→ Your assignment
Retype nothing except the lines below from the one with "На просторах DIY" through the one with "- Dentro de", exactly, with images left out.

→ Exercise input
□ □ □ □ □ □ □

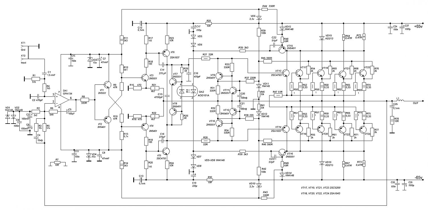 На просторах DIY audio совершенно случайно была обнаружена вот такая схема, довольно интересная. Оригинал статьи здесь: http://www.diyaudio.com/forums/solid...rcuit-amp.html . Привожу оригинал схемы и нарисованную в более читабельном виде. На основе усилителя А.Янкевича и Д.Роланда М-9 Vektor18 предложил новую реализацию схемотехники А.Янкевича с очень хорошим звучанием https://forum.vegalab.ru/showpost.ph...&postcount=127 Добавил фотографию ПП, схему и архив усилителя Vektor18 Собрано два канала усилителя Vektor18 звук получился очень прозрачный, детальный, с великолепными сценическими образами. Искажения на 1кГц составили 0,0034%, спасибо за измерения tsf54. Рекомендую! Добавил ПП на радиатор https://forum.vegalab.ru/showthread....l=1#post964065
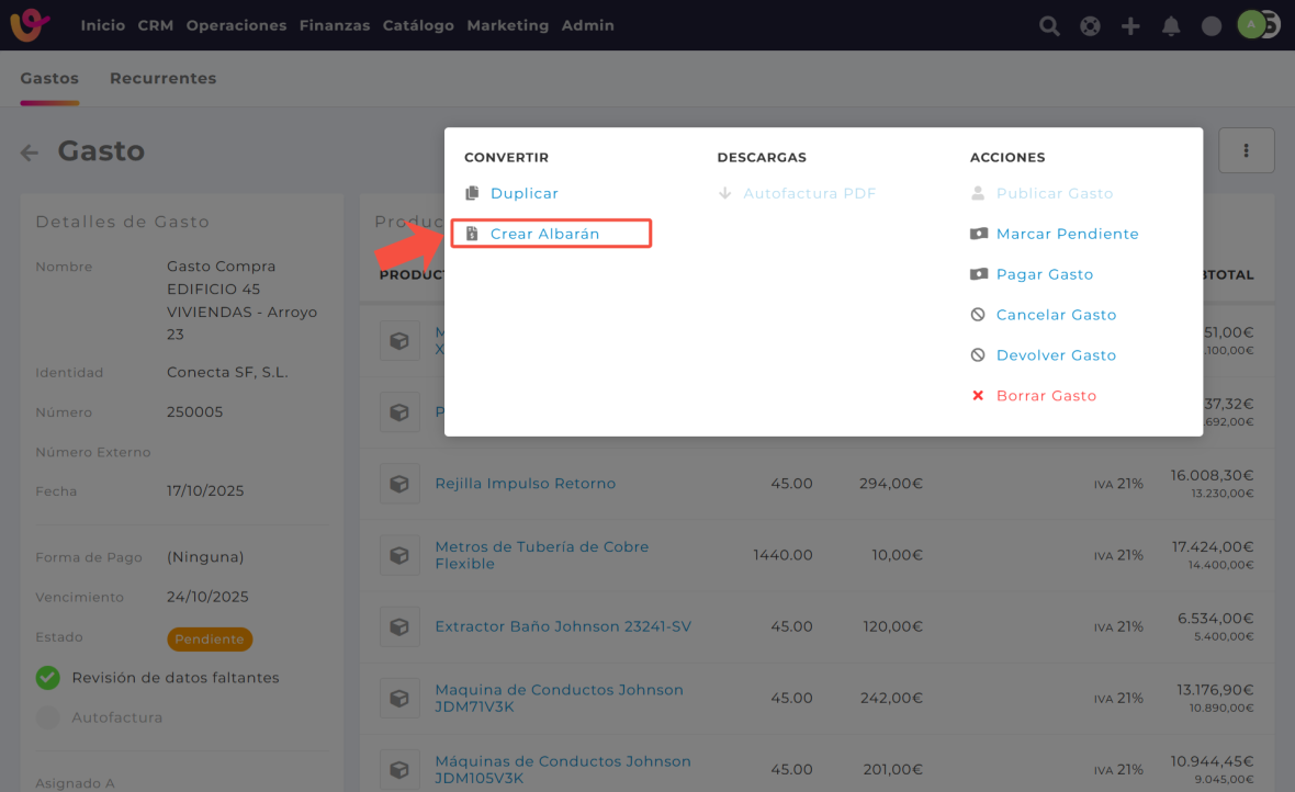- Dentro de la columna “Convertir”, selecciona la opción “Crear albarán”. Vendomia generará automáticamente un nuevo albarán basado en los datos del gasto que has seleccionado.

□ □ □ □ □ □ □

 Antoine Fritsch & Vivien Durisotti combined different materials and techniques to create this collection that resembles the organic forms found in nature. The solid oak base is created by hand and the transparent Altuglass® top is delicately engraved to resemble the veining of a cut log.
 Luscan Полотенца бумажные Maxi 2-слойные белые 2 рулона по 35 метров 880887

□ □ □ □ □ □ □

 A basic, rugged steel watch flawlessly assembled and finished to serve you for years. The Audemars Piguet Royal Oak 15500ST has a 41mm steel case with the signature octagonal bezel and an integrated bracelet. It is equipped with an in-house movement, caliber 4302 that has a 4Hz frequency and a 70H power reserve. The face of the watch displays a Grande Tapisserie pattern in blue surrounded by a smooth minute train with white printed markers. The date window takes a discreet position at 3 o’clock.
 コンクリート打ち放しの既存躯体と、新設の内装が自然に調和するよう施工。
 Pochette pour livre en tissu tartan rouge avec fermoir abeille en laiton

□ □ □ □ □ □ □

→ Written solution
 На просторах DIY audio совершенно случайно была обнаружена вот такая схема, довольно интересная. Оригинал статьи здесь: http://www.diyaudio.com/forums/solid...rcuit-amp.html . Привожу оригинал схемы и нарисованную в более читабельном виде. На основе усилителя А.Янкевича и Д.Роланда М-9 Vektor18 предложил новую реализацию схемотехники А.Янкевича с очень хорошим звучанием https://forum.vegalab.ru/showpost.ph...&postcount=127 Добавил фотографию ПП, схему и архив усилителя Vektor18 Собрано два канала усилителя Vektor18 звук получился очень прозрачный, детальный, с великолепными сценическими образами. Искажения на 1кГц составили 0,0034%, спасибо за измерения tsf54. Рекомендую! Добавил ПП на радиатор https://forum.vegalab.ru/showthread....l=1#post964065
- Dentro de la columna “Convertir”, selecciona la opción “Crear albarán”. Vendomia generará automáticamente un nuevo albarán basado en los datos del gasto que has seleccionado.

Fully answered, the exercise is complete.